| Dataset excerpts |
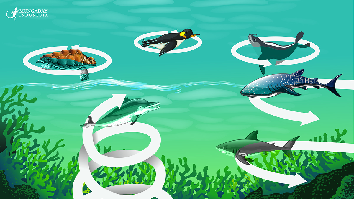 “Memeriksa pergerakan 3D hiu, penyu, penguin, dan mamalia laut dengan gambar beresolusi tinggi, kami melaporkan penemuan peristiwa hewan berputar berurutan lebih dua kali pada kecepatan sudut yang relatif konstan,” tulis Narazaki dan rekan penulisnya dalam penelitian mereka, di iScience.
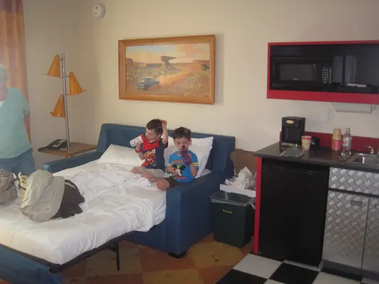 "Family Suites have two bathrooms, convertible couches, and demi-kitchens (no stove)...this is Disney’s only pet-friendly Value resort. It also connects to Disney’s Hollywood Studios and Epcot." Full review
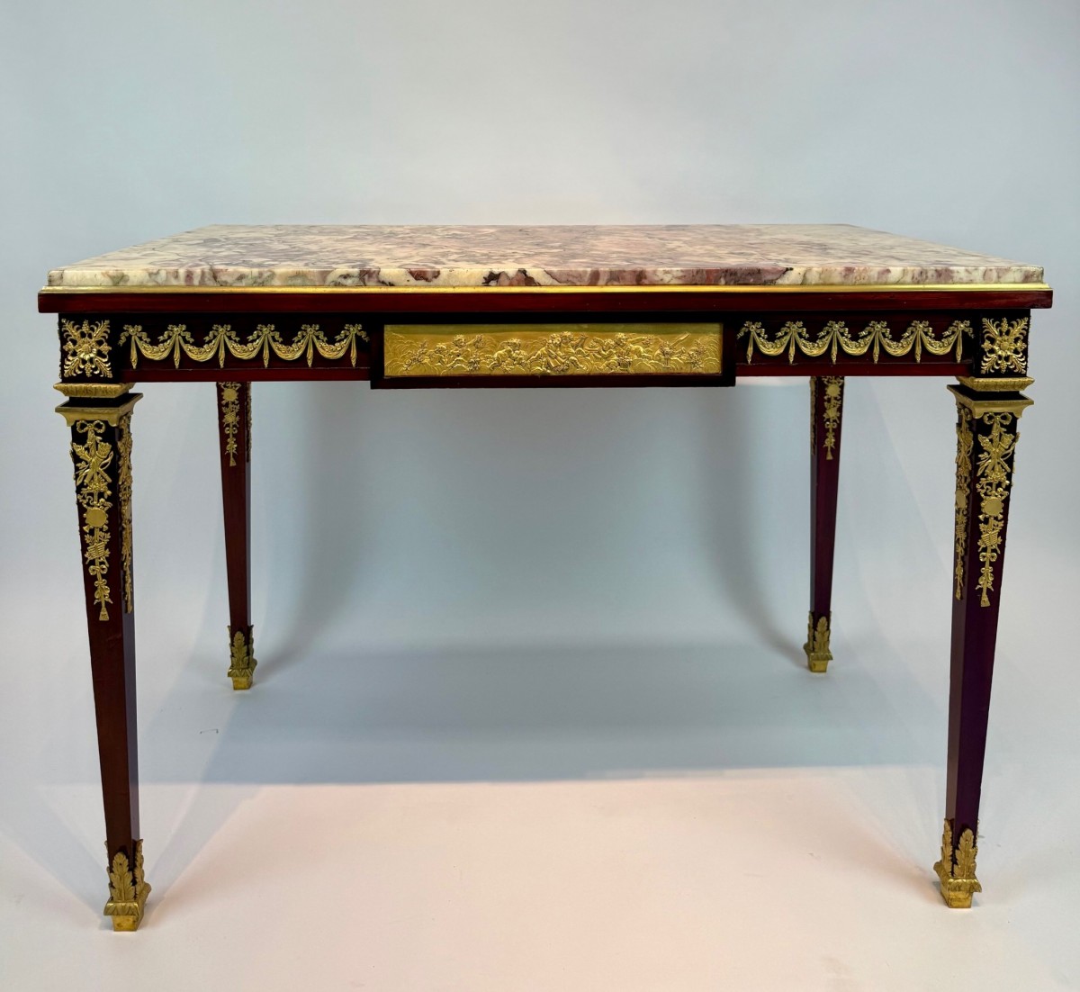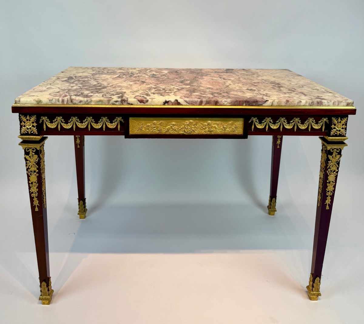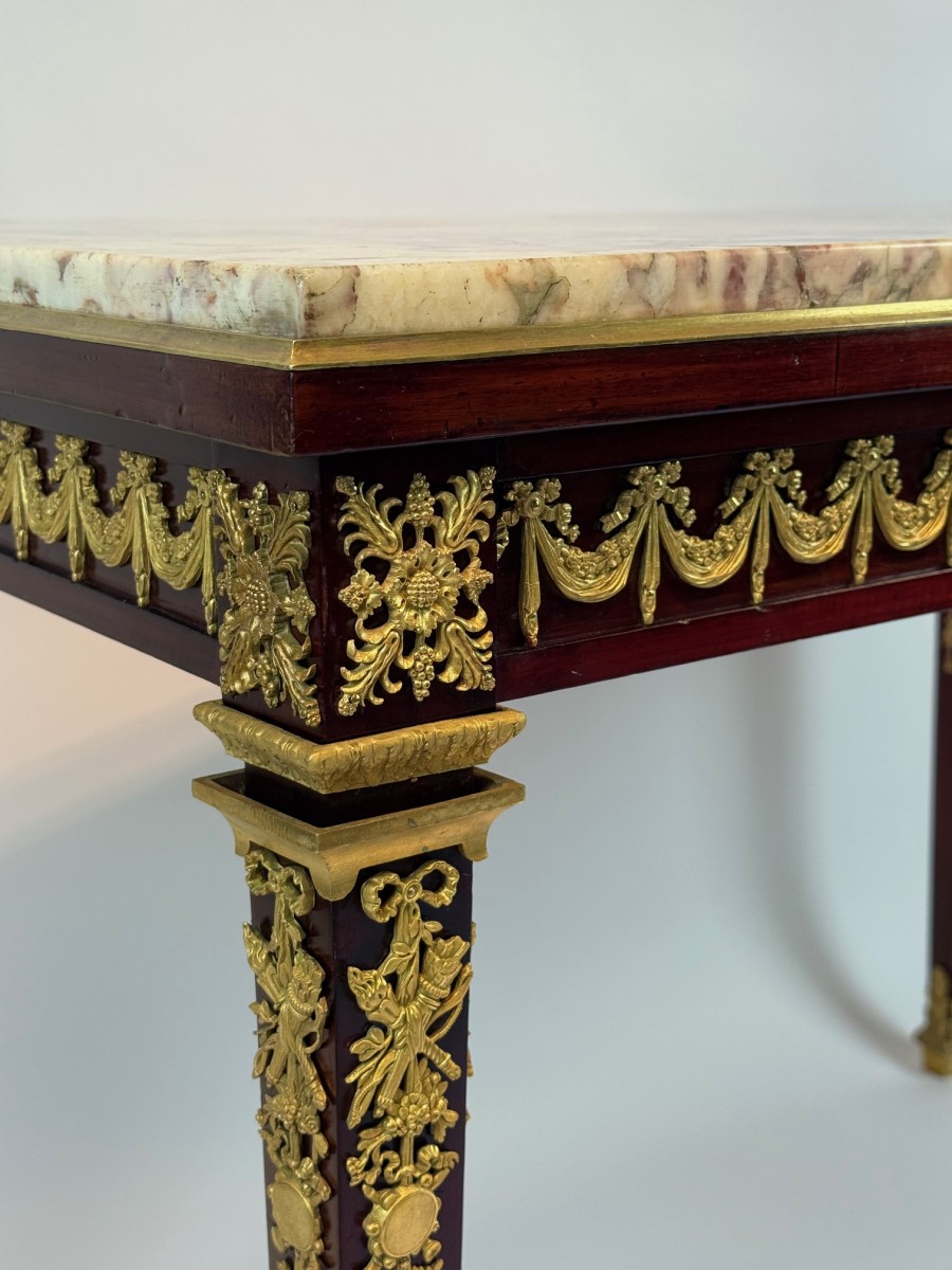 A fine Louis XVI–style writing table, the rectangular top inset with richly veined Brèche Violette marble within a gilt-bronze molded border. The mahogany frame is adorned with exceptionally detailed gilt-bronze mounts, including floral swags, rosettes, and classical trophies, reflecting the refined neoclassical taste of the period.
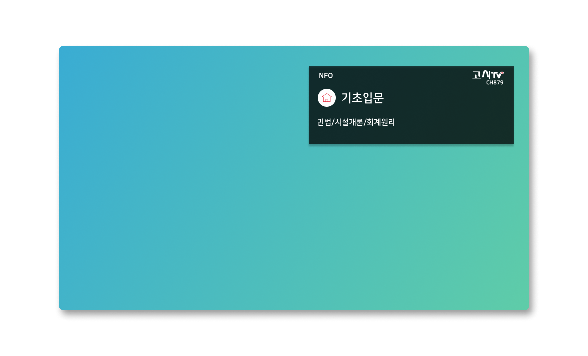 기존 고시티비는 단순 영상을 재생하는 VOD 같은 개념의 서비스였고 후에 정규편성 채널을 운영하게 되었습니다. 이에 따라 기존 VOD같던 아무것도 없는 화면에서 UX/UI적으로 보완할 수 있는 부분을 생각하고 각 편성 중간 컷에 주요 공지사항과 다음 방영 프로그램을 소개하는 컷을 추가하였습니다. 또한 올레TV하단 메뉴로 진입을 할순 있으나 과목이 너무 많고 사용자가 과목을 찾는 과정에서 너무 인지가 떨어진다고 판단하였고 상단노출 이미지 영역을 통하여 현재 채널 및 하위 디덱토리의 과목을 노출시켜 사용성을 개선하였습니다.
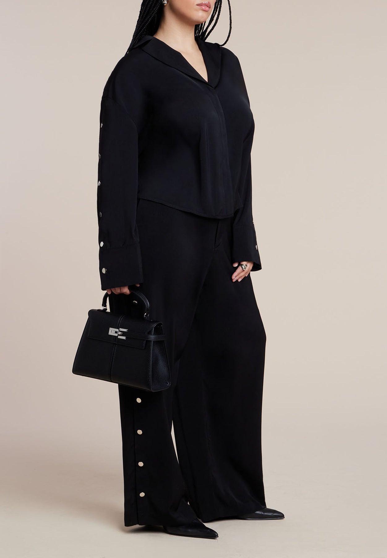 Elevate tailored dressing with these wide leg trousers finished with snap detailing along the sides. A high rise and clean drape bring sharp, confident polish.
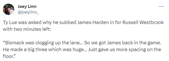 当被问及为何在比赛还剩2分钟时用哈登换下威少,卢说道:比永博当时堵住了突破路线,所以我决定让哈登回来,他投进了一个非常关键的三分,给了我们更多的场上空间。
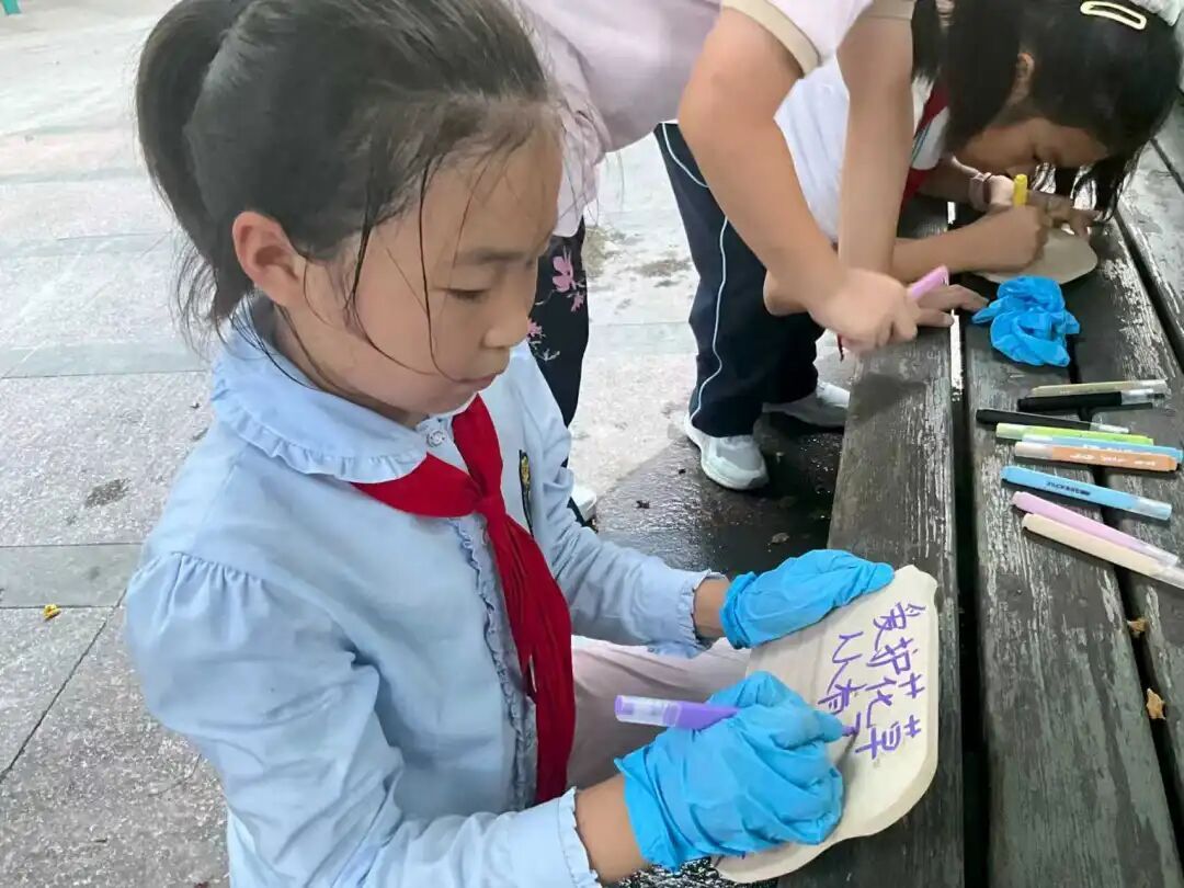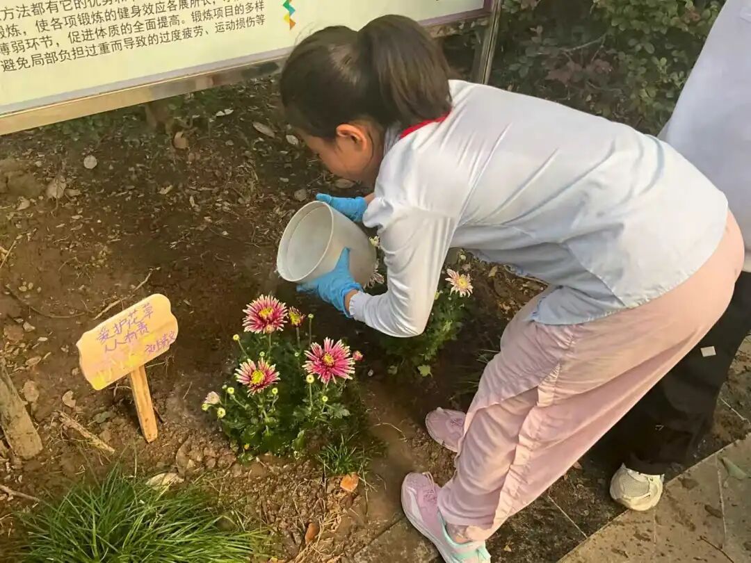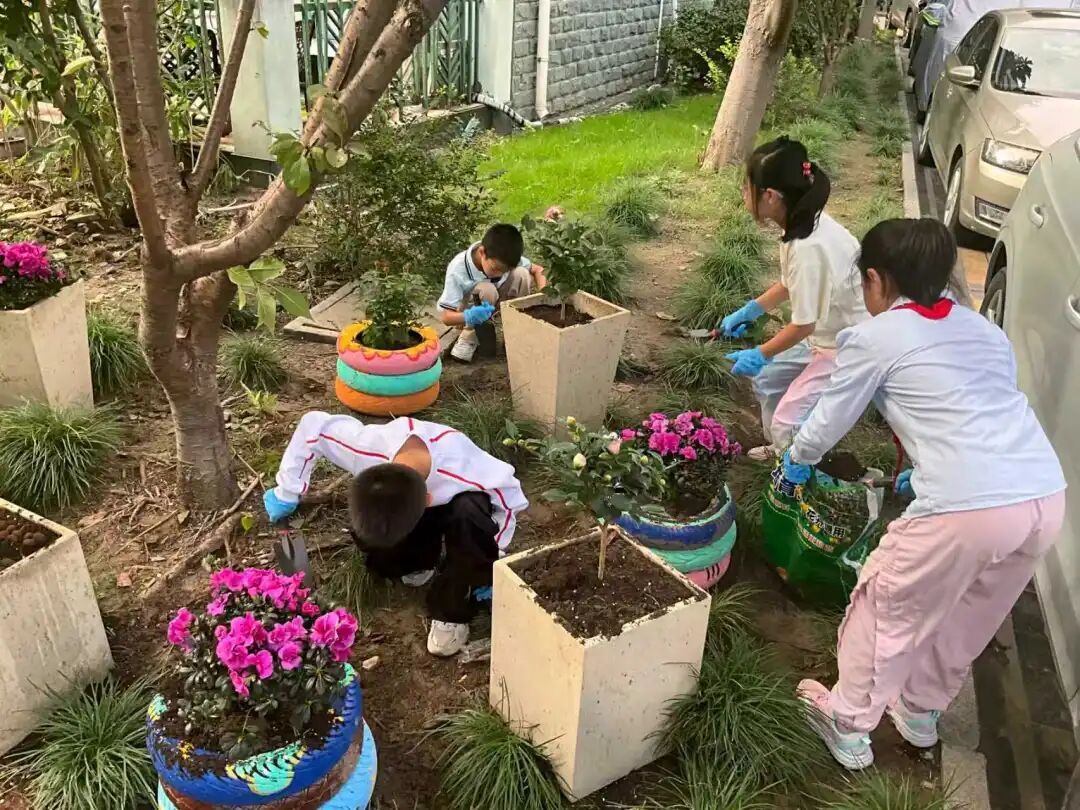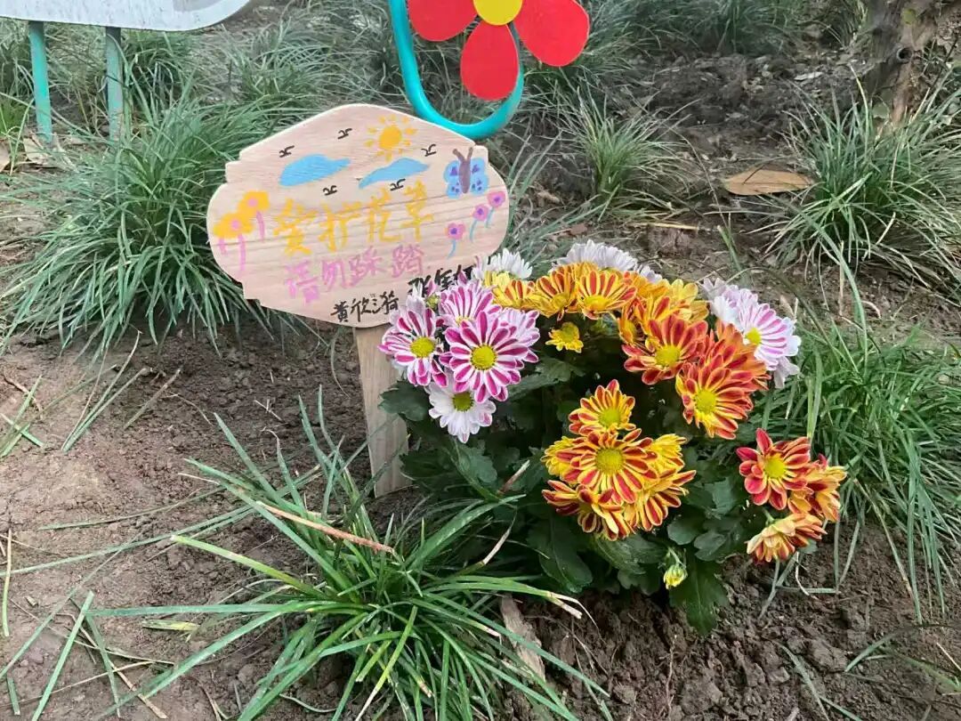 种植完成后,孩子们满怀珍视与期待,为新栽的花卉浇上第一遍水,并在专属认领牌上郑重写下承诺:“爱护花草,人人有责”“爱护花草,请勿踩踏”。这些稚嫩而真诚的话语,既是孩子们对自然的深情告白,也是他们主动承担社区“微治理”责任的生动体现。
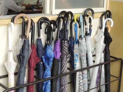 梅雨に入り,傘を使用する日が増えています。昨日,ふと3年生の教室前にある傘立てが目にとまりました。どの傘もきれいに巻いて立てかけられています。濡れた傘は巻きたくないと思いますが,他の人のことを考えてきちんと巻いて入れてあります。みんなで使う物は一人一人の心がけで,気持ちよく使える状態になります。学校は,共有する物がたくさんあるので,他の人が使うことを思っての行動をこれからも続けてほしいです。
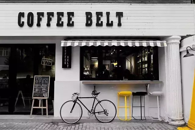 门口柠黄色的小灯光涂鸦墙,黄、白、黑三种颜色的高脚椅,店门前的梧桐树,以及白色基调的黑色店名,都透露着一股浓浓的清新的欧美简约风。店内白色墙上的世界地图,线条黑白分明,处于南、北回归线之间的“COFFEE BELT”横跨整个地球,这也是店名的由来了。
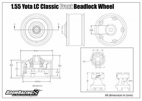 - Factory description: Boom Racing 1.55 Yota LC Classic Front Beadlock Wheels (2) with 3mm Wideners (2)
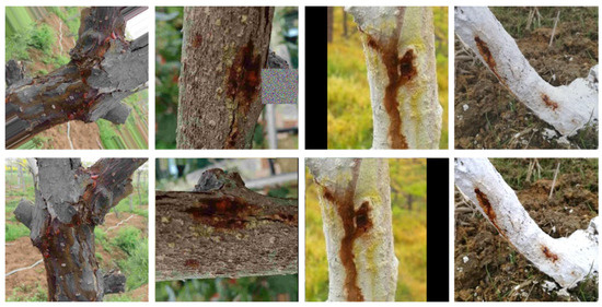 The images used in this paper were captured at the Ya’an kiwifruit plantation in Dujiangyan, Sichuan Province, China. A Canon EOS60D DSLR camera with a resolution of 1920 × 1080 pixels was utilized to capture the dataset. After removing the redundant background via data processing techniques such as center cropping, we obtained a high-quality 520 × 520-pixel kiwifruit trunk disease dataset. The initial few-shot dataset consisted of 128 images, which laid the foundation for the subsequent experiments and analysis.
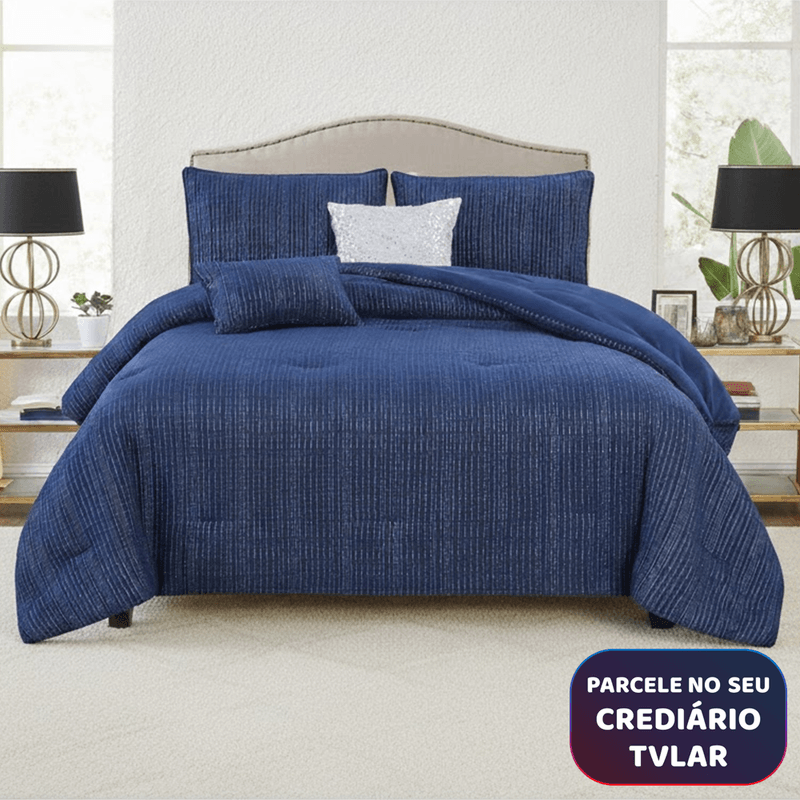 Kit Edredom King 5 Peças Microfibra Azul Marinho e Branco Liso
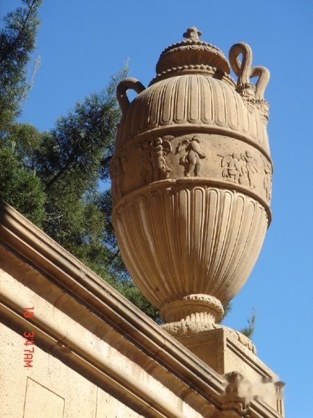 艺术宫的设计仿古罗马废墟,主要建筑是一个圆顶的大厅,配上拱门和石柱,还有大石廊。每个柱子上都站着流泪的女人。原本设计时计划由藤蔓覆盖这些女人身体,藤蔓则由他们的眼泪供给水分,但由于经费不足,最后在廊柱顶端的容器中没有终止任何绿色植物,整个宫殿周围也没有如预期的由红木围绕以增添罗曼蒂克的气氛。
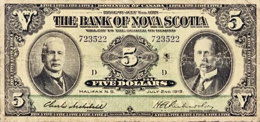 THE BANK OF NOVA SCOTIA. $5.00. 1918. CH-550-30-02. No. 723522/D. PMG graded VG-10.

| Task directions |
Write out, word for word, the stretch of entries that begins at the line with "기존 고시티비는 단순" and ends at the line with "Kit Edredom King". Pictures do not belong in it.

| Task result |
 기존 고시티비는 단순 영상을 재생하는 VOD 같은 개념의 서비스였고 후에 정규편성 채널을 운영하게 되었습니다. 이에 따라 기존 VOD같던 아무것도 없는 화면에서 UX/UI적으로 보완할 수 있는 부분을 생각하고 각 편성 중간 컷에 주요 공지사항과 다음 방영 프로그램을 소개하는 컷을 추가하였습니다. 또한 올레TV하단 메뉴로 진입을 할순 있으나 과목이 너무 많고 사용자가 과목을 찾는 과정에서 너무 인지가 떨어진다고 판단하였고 상단노출 이미지 영역을 통하여 현재 채널 및 하위 디덱토리의 과목을 노출시켜 사용성을 개선하였습니다.
 Elevate tailored dressing with these wide leg trousers finished with snap detailing along the sides. A high rise and clean drape bring sharp, confident polish.
 当被问及为何在比赛还剩2分钟时用哈登换下威少,卢说道:比永博当时堵住了突破路线,所以我决定让哈登回来,他投进了一个非常关键的三分,给了我们更多的场上空间。
 种植完成后,孩子们满怀珍视与期待,为新栽的花卉浇上第一遍水,并在专属认领牌上郑重写下承诺:“爱护花草,人人有责”“爱护花草,请勿踩踏”。这些稚嫩而真诚的话语,既是孩子们对自然的深情告白,也是他们主动承担社区“微治理”责任的生动体现。
 梅雨に入り,傘を使用する日が増えています。昨日,ふと3年生の教室前にある傘立てが目にとまりました。どの傘もきれいに巻いて立てかけられています。濡れた傘は巻きたくないと思いますが,他の人のことを考えてきちんと巻いて入れてあります。みんなで使う物は一人一人の心がけで,気持ちよく使える状態になります。学校は,共有する物がたくさんあるので,他の人が使うことを思っての行動をこれからも続けてほしいです。
 门口柠黄色的小灯光涂鸦墙,黄、白、黑三种颜色的高脚椅,店门前的梧桐树,以及白色基调的黑色店名,都透露着一股浓浓的清新的欧美简约风。店内白色墙上的世界地图,线条黑白分明,处于南、北回归线之间的“COFFEE BELT”横跨整个地球,这也是店名的由来了。
 - Factory description: Boom Racing 1.55 Yota LC Classic Front Beadlock Wheels (2) with 3mm Wideners (2)
 The images used in this paper were captured at the Ya’an kiwifruit plantation in Dujiangyan, Sichuan Province, China. A Canon EOS60D DSLR camera with a resolution of 1920 × 1080 pixels was utilized to capture the dataset. After removing the redundant background via data processing techniques such as center cropping, we obtained a high-quality 520 × 520-pixel kiwifruit trunk disease dataset. The initial few-shot dataset consisted of 128 images, which laid the foundation for the subsequent experiments and analysis.
 Kit Edredom King 5 Peças Microfibra Azul Marinho e Branco Liso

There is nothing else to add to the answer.